SUPPLIED RECORDS ->
####
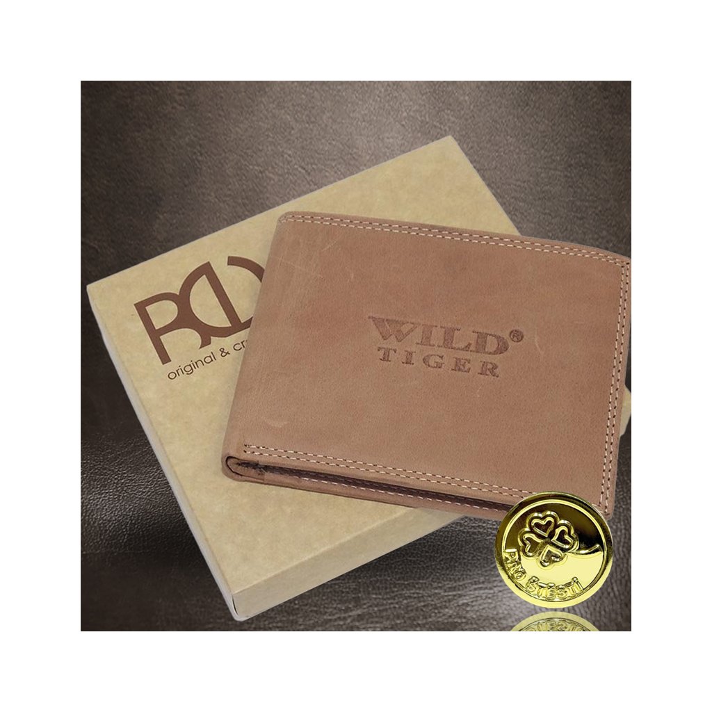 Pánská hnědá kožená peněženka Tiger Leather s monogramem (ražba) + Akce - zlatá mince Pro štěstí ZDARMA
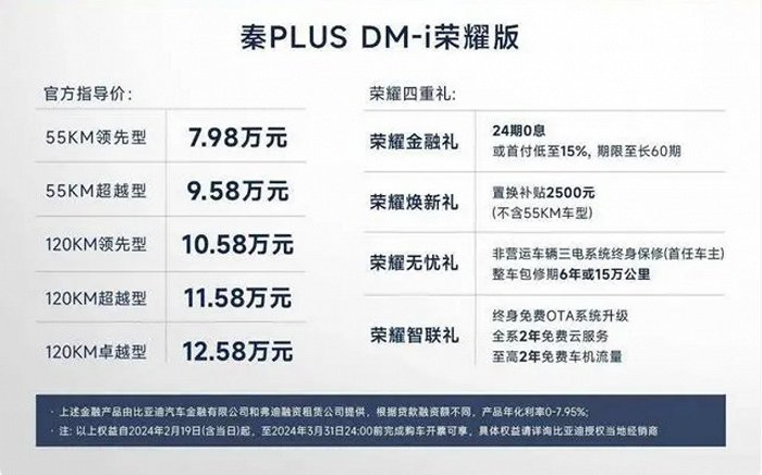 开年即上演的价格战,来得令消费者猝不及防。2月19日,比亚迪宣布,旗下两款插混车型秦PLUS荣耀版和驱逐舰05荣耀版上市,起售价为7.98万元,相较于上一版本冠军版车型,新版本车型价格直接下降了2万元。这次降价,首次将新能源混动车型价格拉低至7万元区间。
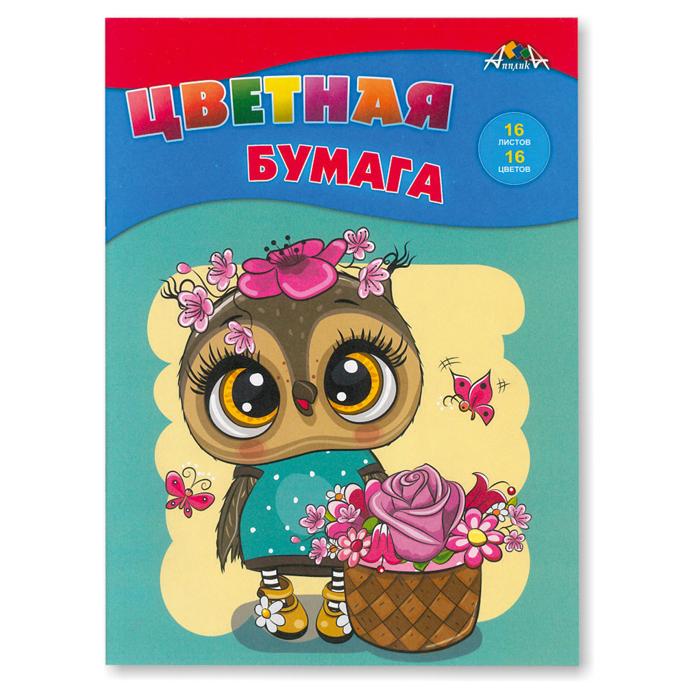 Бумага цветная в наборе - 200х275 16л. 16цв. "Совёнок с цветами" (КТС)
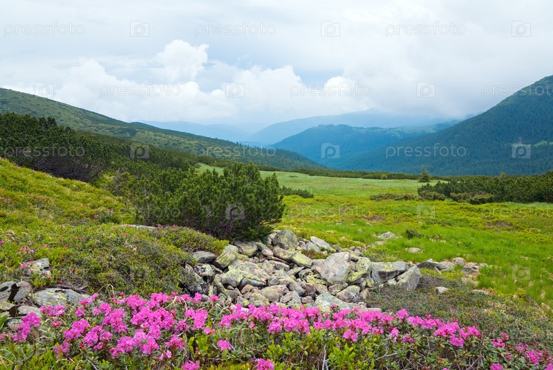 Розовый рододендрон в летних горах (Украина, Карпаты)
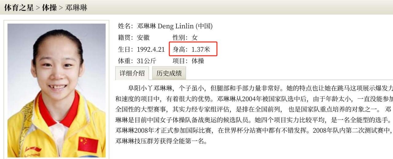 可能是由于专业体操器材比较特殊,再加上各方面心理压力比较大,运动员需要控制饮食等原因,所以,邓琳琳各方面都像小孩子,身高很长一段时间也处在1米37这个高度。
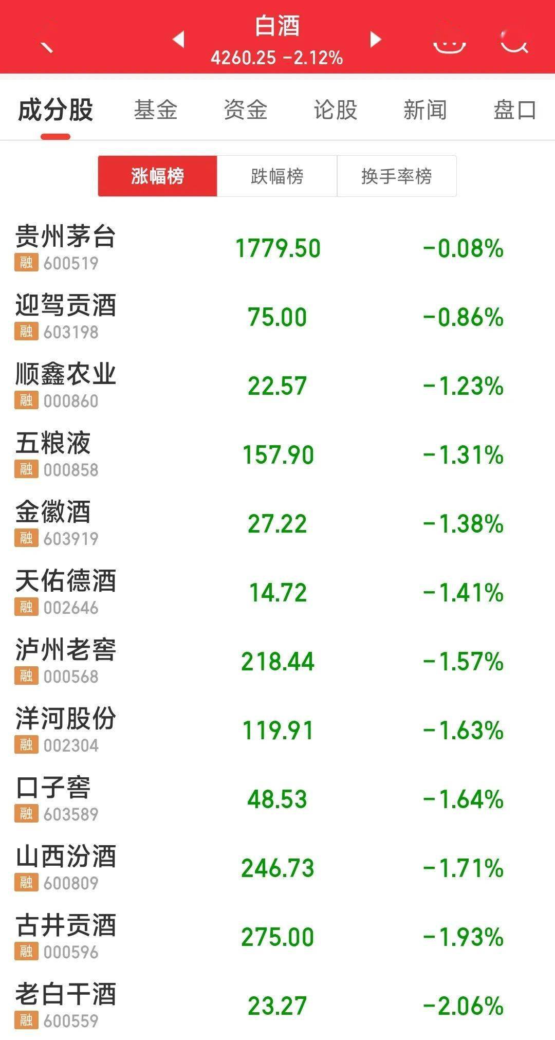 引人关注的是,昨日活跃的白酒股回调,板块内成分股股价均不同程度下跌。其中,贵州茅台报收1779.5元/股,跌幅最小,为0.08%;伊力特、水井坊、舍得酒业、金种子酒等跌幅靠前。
####
WHAT THIS TASK INVOLVES -> The answer should contain only the lines from the one with "Розовый рододендрон в" through the last line of the material, given word for word and without pictures.

WRITTEN ANSWER ->
 Розовый рододендрон в летних горах (Украина, Карпаты)
 可能是由于专业体操器材比较特殊,再加上各方面心理压力比较大,运动员需要控制饮食等原因,所以,邓琳琳各方面都像小孩子,身高很长一段时间也处在1米37这个高度。
 引人关注的是,昨日活跃的白酒股回调,板块内成分股股价均不同程度下跌。其中,贵州茅台报收1779.5元/股,跌幅最小,为0.08%;伊力特、水井坊、舍得酒业、金种子酒等跌幅靠前。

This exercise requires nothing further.